Reconocía o creía reconocer el origen del “estructuralismo” en la necesidad, cuando

la peste se extiende, de cartografiar el espacio (físico e intelectual), a fin de

determinar exactamente, y según las reglas de una estricta agrimensura, las

siniestras regiones de la enfermedad -obligación a la cual, tanto en los campos de

maniobra militares como más tarde en la escuela o en el hospital, los cuerpos

humanos aprenden a someterse para imbuirse de obediencia y poder funcionar como

unidades intercambiables: “En la disciplina, los elementos son intercambiables, ya

que cada cual se define por el lugar que ocupa en la serie, y por la distancia que le

separa de los demás.”

La fragmentación rigurosa que obliga al cuerpo a dejarse registrar, desarticular y, si

fuera preciso, reconstituir, encontrará su máxima expresión en la utopía de

Bentham, la ejemplar Panopticon, que muestra el poder absoluto de una total

transparencia. (Ésta es exactamente la ficción de Orwell.)

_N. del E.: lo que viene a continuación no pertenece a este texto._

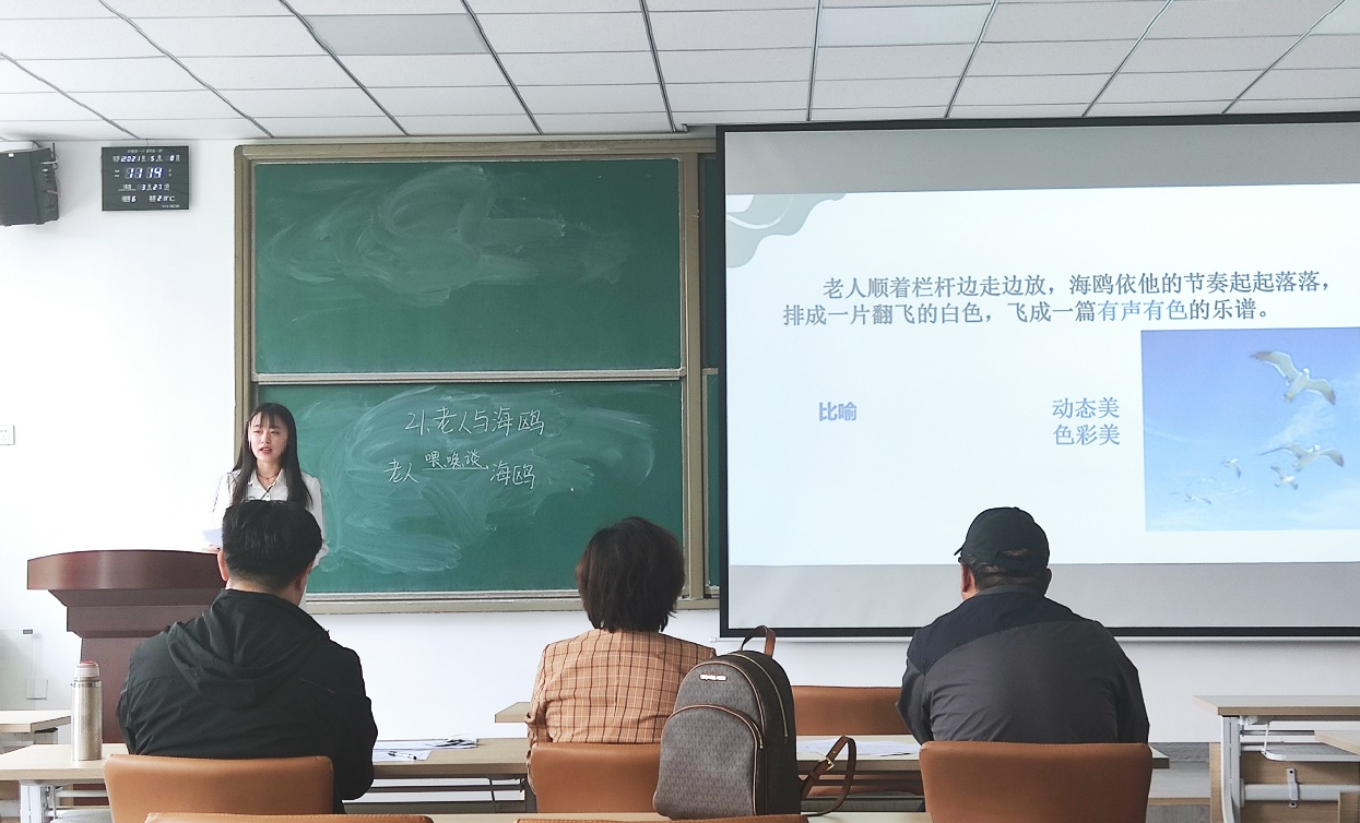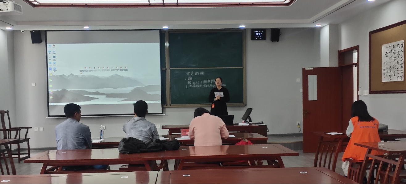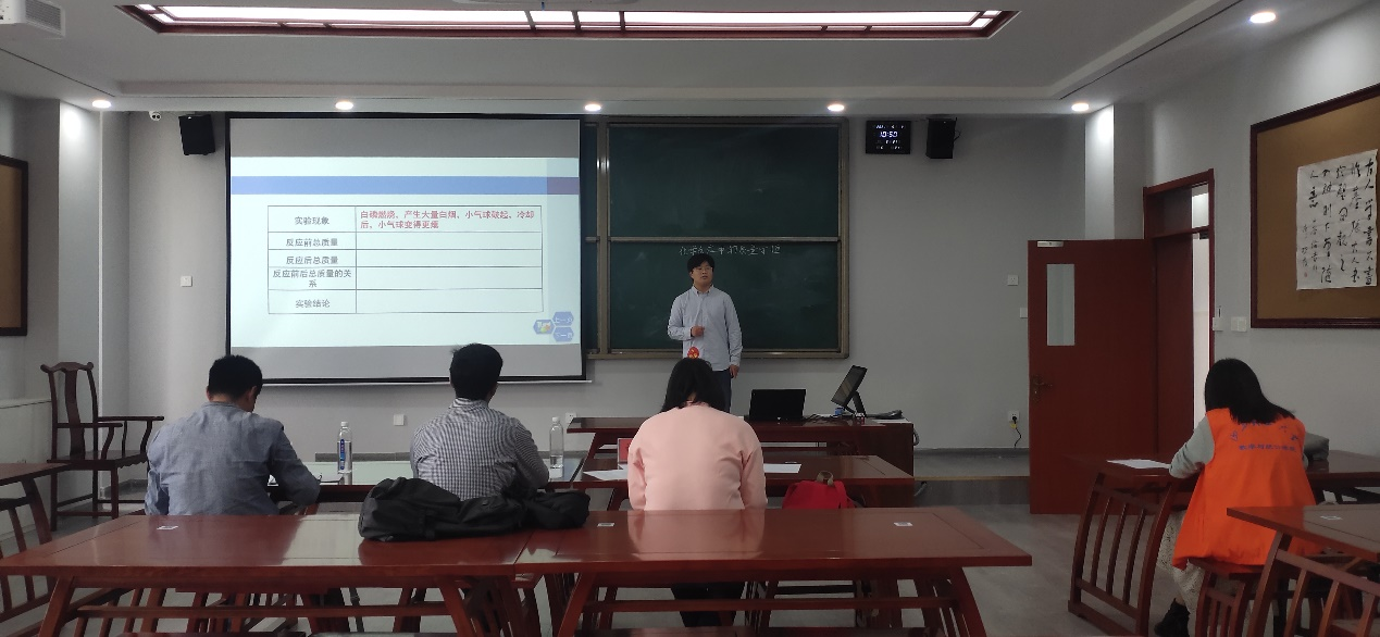 固定题目模拟上课环节,他们精神饱满、教态自然,运用多媒体课件和自制教具等教学工具作为辅助,突出了新课程的教学理念,展示了优秀的课堂教学技巧。在模拟课堂上充分展现了青年教师应有的的风采,从课件和讲课模式的准备上能感受到他们充分认识到了教师这一角色所应该秉持的态度和承担的责任,体现师范生所应该具备的专业知识和综合素养。
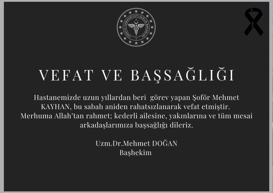 Hastane Başhekimi Uzm. Dr. Mehmet Doğan tarafından yayımlanan taziye mesajında, “Hastanemizde uzun yıllardan beri görev yapan şoför Mehmet Kayhan, bu sabah aniden rahatsızlanarak vefat etmiştir. Merhuma Allah’tan rahmet; kederli ailesine, yakınlarına ve tüm mesai arkadaşlarımıza başsağlığı dileriz.” ifadelerine yer verildi.

Una transparencia semejante (como la que Hugo impone a Caín hasta en la misma

tumba) tiene la trágica ventaja de hacer inútil la violencia física a la que el cuerpo,

de lo contrario, debería someterse. Pero todavía hay más. La vigilancia -El hecho de
estar bajo vigilancia- que no consiste únicamente en la que ejercen los guardias,

sino que se identifica con la condición humana, cuando se quiere convertir ésta a la

vez en obediente (conforme a las reglas) y productiva ( o sea útil), va a dar lugar a

todas las formas posibles de observación, de encuesta, de experimentación,de las

que no podrá prescindir ninguna ciencia auténtica. ¿Acaso tampoco ningún poder?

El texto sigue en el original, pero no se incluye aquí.